Abstract

With the advent of the Internet-of-Things (IoT) technologies, millions of low-resource devices are constantly used at the network’s edge. As a result, the large amount of private and sensitive data generated by these devices must be securely transported, stored, and processed, posing a challenge because these resource-constrained IoT devices cannot meet the criteria of conventional encryption ciphers. Due to this limitation on IoT-enabled devices, lightweight cryptography has emerged as a new area of study. Lightweight block ciphers, a subfield of lightweight cryptography, include the substitution–permutation network (SPN) and Feistel-based networks. Feistel networks are further divided into two types: classical Feistel networks and generalized Feistel networks (GFN). While classical Feistel ciphers divide a message into two sub-blocks, GFN divides a message into k sub-blocks for some k > 2 called the partition number. One popular form of GFN is the so-called Type-II. Unfortunately, this type of Feistel structure needs a large number of rounds to obtain a full diffusion property. A full diffusion means all output sub-blocks are affected by all input sub-blocks.

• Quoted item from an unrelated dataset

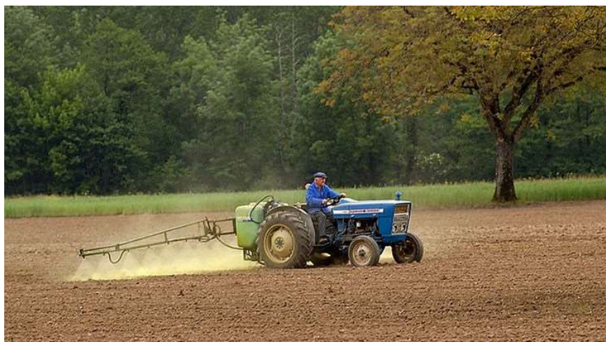
Figure 4 : désherbage à l'aide d'une substance active herbicide (certainement un colorant nitré) avec un matériel datant des années 1970. La protection des utilisateurs a mis du temps à se mettre en place

L'utilisation généralisée des produits de synthèse débute véritablement juste après la seconde guerre mondiale avec la mise sur le marché de produits d'origine anglo-saxonne qui vont s'imposer pour très longtemps. La mise sur le marché de ces molécules n'est pas simple à tracer car c'est seulement à partir de 1961 que l'Association de coordination technique agricole (ACTA) publie régulièrement un index phytosanitaire dans lequel figurent toutes les substances actives à activité phytosanitaire autorisées en France ( Figure 4 ).

Therefore, this paper proposed a new lightweight block cipher by modifying the GFN structure, focusing on providing optimal security to the cipher with a small number of rounds. The algorithm was subjected to a series of statistical and cryptographic randomization analyses in order to investigate the avalanche effect on the ciphertext and the algorithm’s random properties, such as confusion, diffusion, and independence. The avalanche criterion and output randomness results show that this algorithm meets the fundamental security requirement for a lightweight block cipher.